Choose Your Own Path to the Cloud with Red Hat

Gordon Haff — Cloud Evangelist, Red Hat

There’s no single approach to building a cloud as IT teams aren’t trying to solve the exact same problem. That’s why Red Hat products are designed to work together to modernize your infrastructure and deliver the flexibility and agility promised by cloud computing.

In this session, Gordon Haff will provide examples of how Red Hat customers are using the company’s product portfolio to build clouds. These will include in-production examples that require cloud readiness and massive scalibility from Red Hat Storage Server and an example of using OpenShift Enterprise, Red Hat CloudForms, and Red Hat Enterprise Linux together.

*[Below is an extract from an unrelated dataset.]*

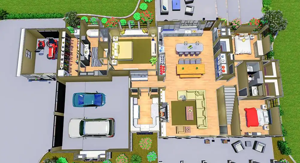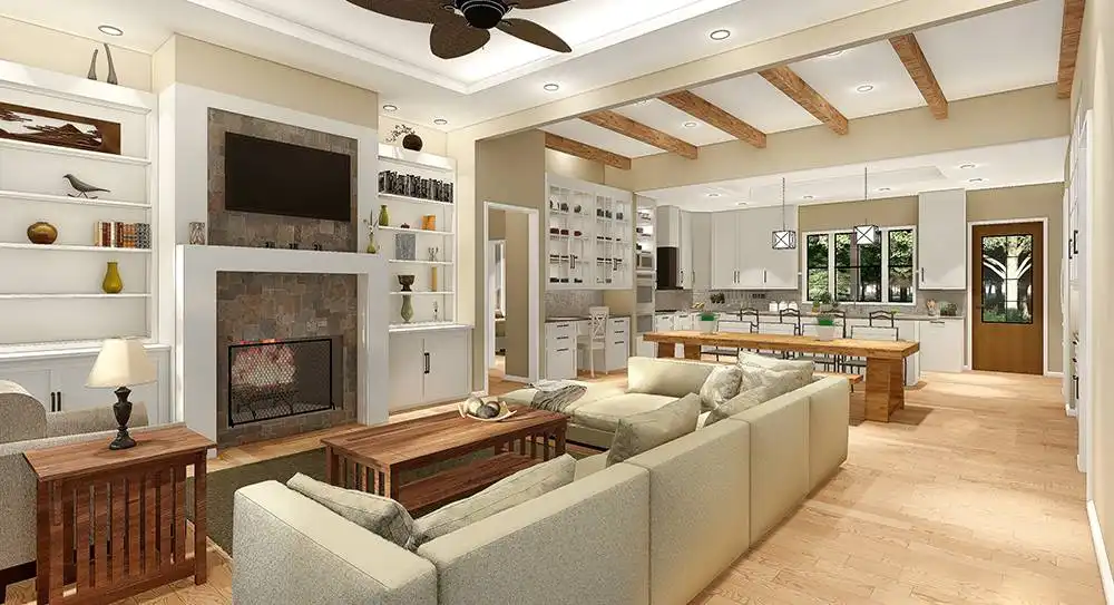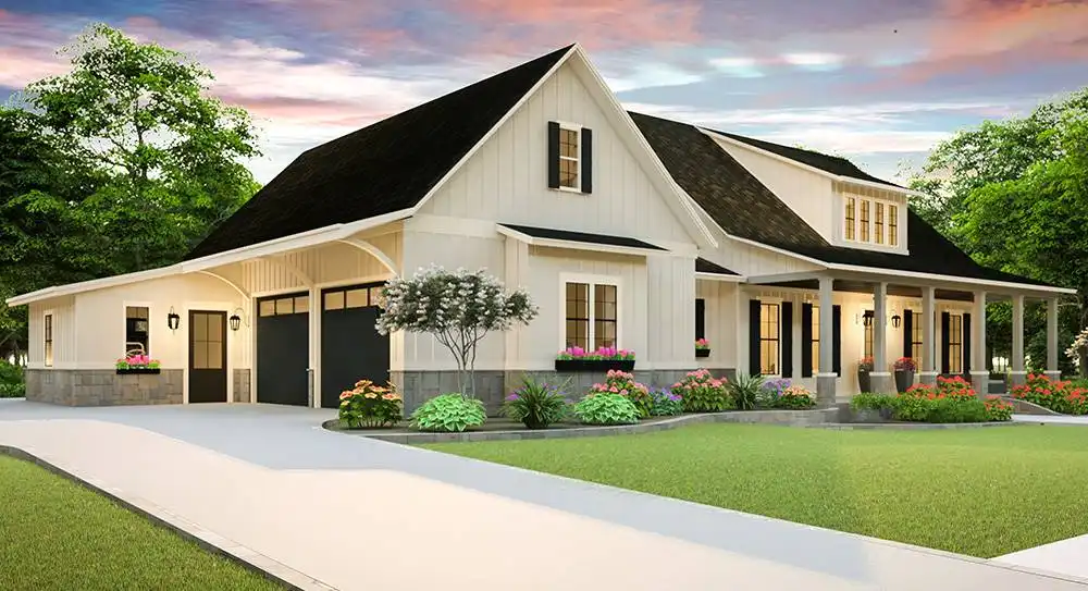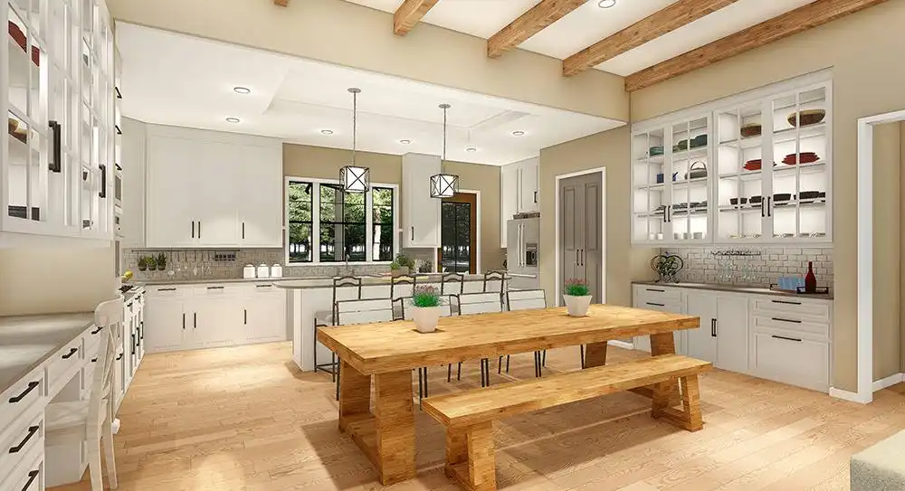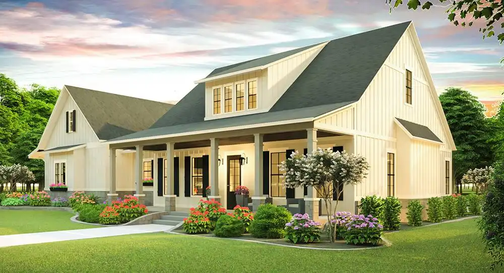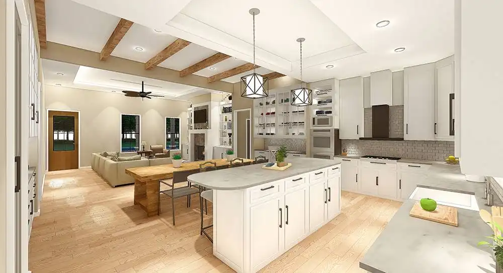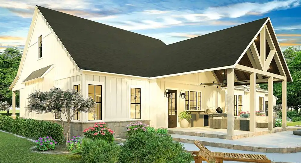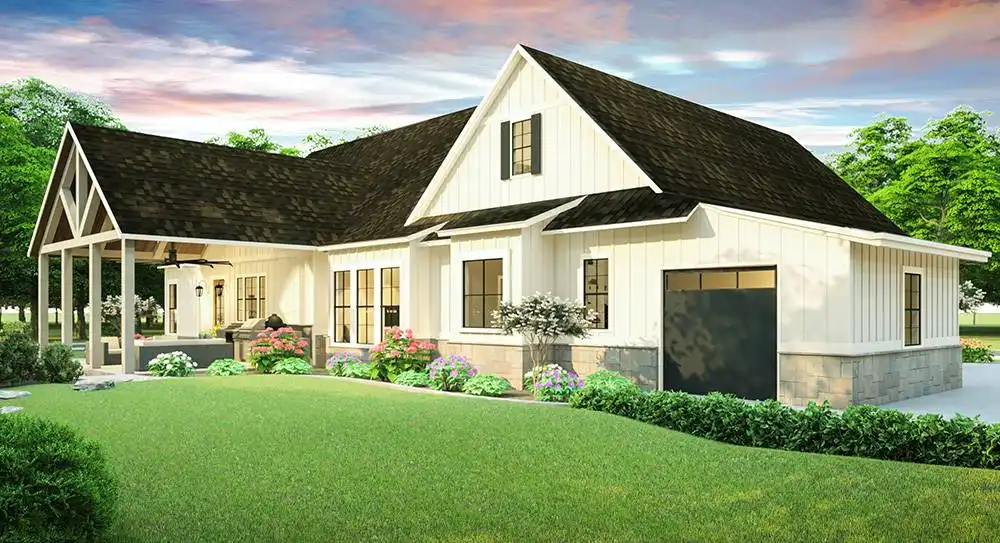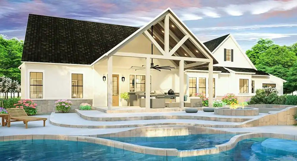 This modern country farm style home has an open concept including the living, dining, and kitchen area. These spaces are separated by unique ceiling designs. The wooden beams in the dining area not only separate the open space but brings the country style into the modern layout. The open concept is the main access separating the master bedroom, utilities, and garage from the extra two bedrooms on the first floor. This home has room to expand to the second floor for an additional bonus space. The front porch has more of a traditional farm house look with plenty of room to sit and enjoy the surrounding nature. The back porch has an exclusive wooden ceiling that is enhanced with wooden beams. The additional outdoor kitchen is a great entertainment area for family and friends.

Attendees will learn about a combination of case studies and use cases that demonstrate practical cloud solutions that use one or more Red Hat products. Learn how Red Hat technology can make you cloud ready!

Location: Room 313

Topics: Big data, Cloud deployment, Clustering, Cost savings, Flexibility, GlusterFS, Interoperability, Manageability, OpenShift by Red Hat, OpenStack, Performance, Portability, Red Hat Cloud, Red Hat CloudForms, Red Hat Enterprise Linux, Red Hat Storage Server, Reliability, Scalability, Security

Track Date Time Technical Difficulty
Market perceptions and competition Wednesday, June 12 2:30 pm - 3:30 pm 3.0 / 5.0

Middleware Platforms for Integration & BPM: A Product Comparison

Richard Naszcyniec — Senior Principal Program Marketing Manager, Red Hat

Customers of various sizes use the deep technical capabilities of Red Hat JBoss Middleware for integration and business process management (BPM). Are you looking to establish, expand, or standardize the middleware used for integration and BPM? Do you face the challenge of comparing and contrasting vendors to determine the best fit for your needs?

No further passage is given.